Dazu sagt Sam: „Mir ist das rätselhaft. Wie können so viele Menschen rumlaufen und fordern, dass man sie als Homosexuelle gefälligst akzeptieren soll, aber jemanden wegen seiner Hautfarbe ausgrenzen, das finden sie selbst ganz normal?“

Laut Sam war die Homophobie, die ihm entgegenschlug, innerhalb der afro-amerikanischen Community weit weniger ausgeprägt als in der Welt der Weißen. „Ich kann nur von meinen Erfahrungen sprechen und von den Menschen, denen ich begegnet bin. Aber da waren die Schwarzen sehr viel unterstützender, um ehrlich zu sein.“ Er fährt fort: „Es gibt viele offen schwule Schwarze. Viele Menschen in der afro-amerikanischen Community haben schwule Freunde, Cousins, Geschwister … Die meisten kennen mindestens eine offen schwule Person. Und die unterstützen sie, total.”

FOTO: MOVIETVTECHGEEKS.COM

Während religiöser Fanatismus in den USA ein weitverbreitetes Problem ist, würde Sam in Deutschland vermutlich eher von rechten Kreisen zu hören bekommen, dass er als Schwarzer die deutsche Leitkultur durcheinanderbringen würde. Und was würde Sams aus der deutschen Schwulenszene entgegenhallen? Laut einer neueren Studie ist es so, dass schwarze Männer ganz unten auf der Begehrtheitsskala bei Online-Dating und bei Escort Services stehen – es sei denn, die treten als aggressive Tops auf. Das dokumentierte 2014 das Buch „Male Sex Work and Society” von Victor Minichiello und John Scott. Natürlich ist das Klischee des wilden schwarzen Top-Mannes auch Rassismus pur.
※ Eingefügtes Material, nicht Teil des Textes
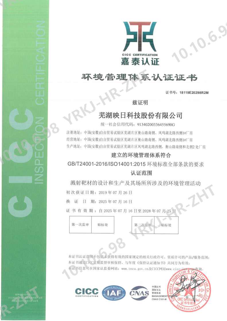 ISO14001環(huán)境管理體系認(rèn)證證書
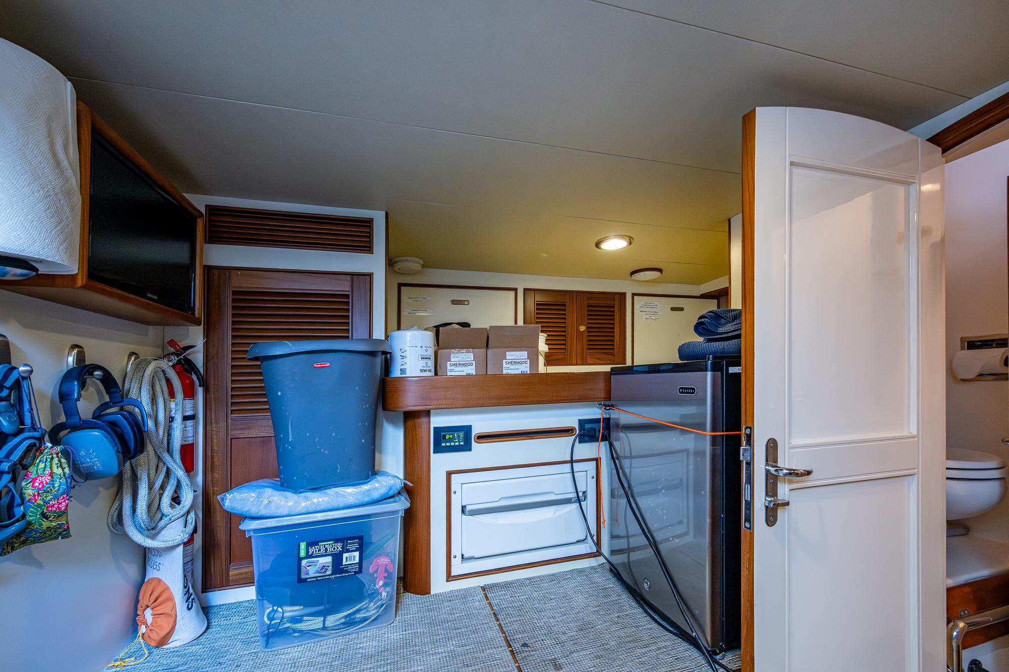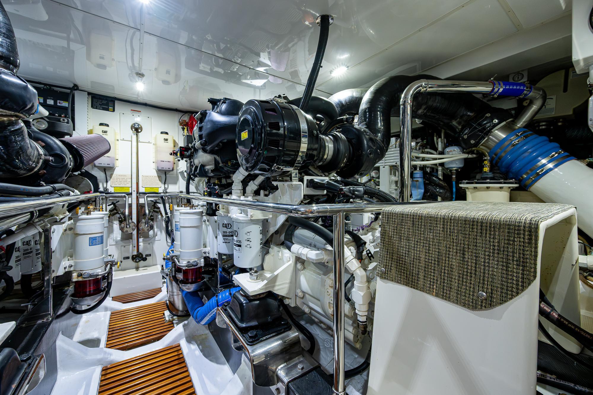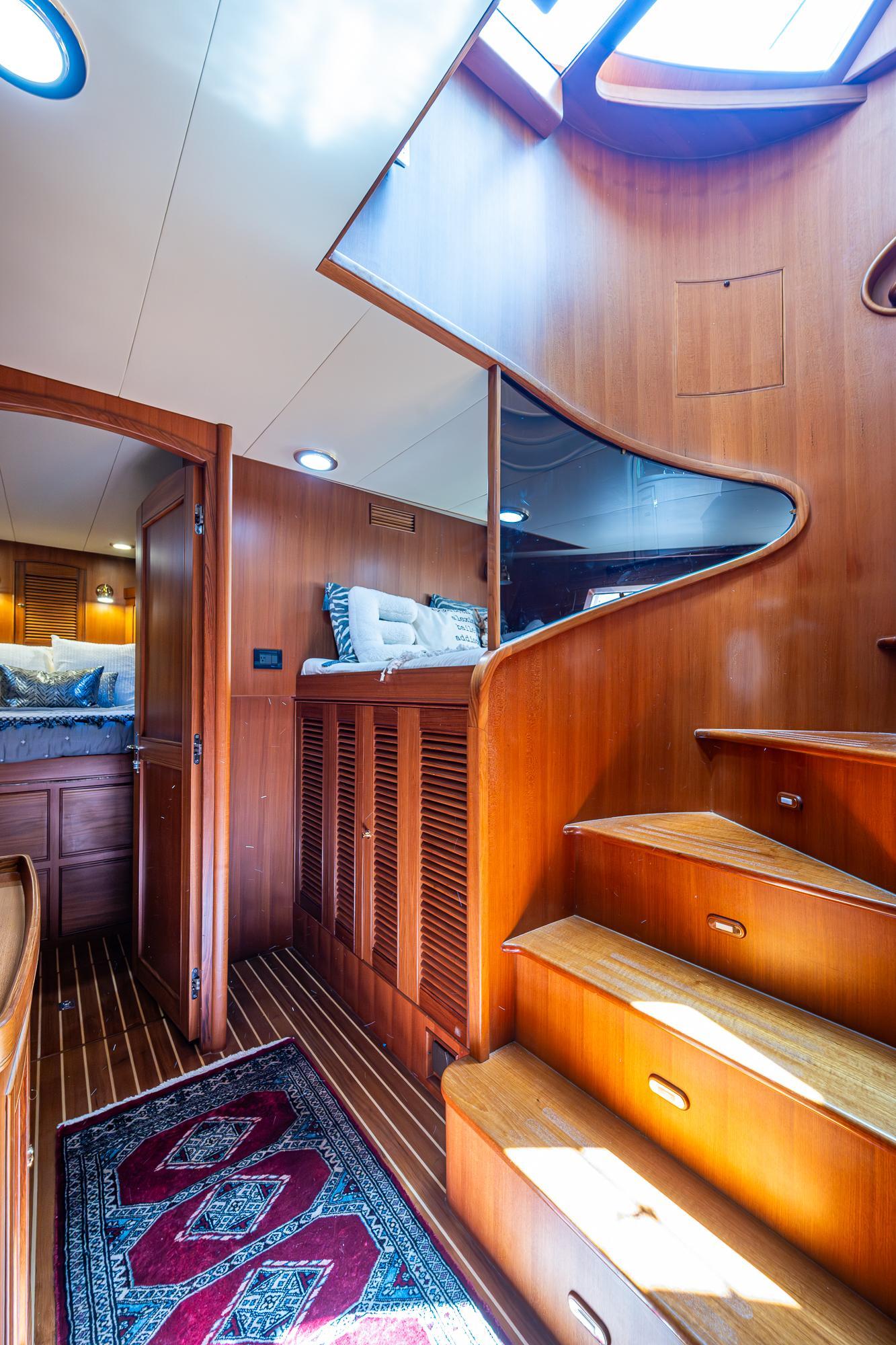 Along the port bulkhead, there is an access door that opens to stairs leading to the lazarette and machinery room below. Separating the aft lazerette is storage and room for two crew in separate bunks with a private head and shower. Aft is the secure lazarette with steering and rudder access. Forward of the lies the walk in engine room with tool chest, vice, the main power plants and twin generators. Two sea chests port and starboard provide raw water to the mains, generators and AC units. This in truly and engineers dream.

Und etliche schwarze Männer in Deutschland beklagen sich darüber, dass sie nur als Stück Fleisch wahrgenommen werden, das andere auf die Schwarzgröße hin mustern – oder gar nicht wahrgenommen werden. Ohne hier gleich, wie LesMigras, mit Postkolonialismus anzukommen, sollten wir uns auch in Deutschland überlegen, wie wir mit solchen Situationen künftig umgehen wollen. Anerkennen, dass es diese Situationen gibt, ist schon mal ein Anfang, um eine Besserung zu erreichen.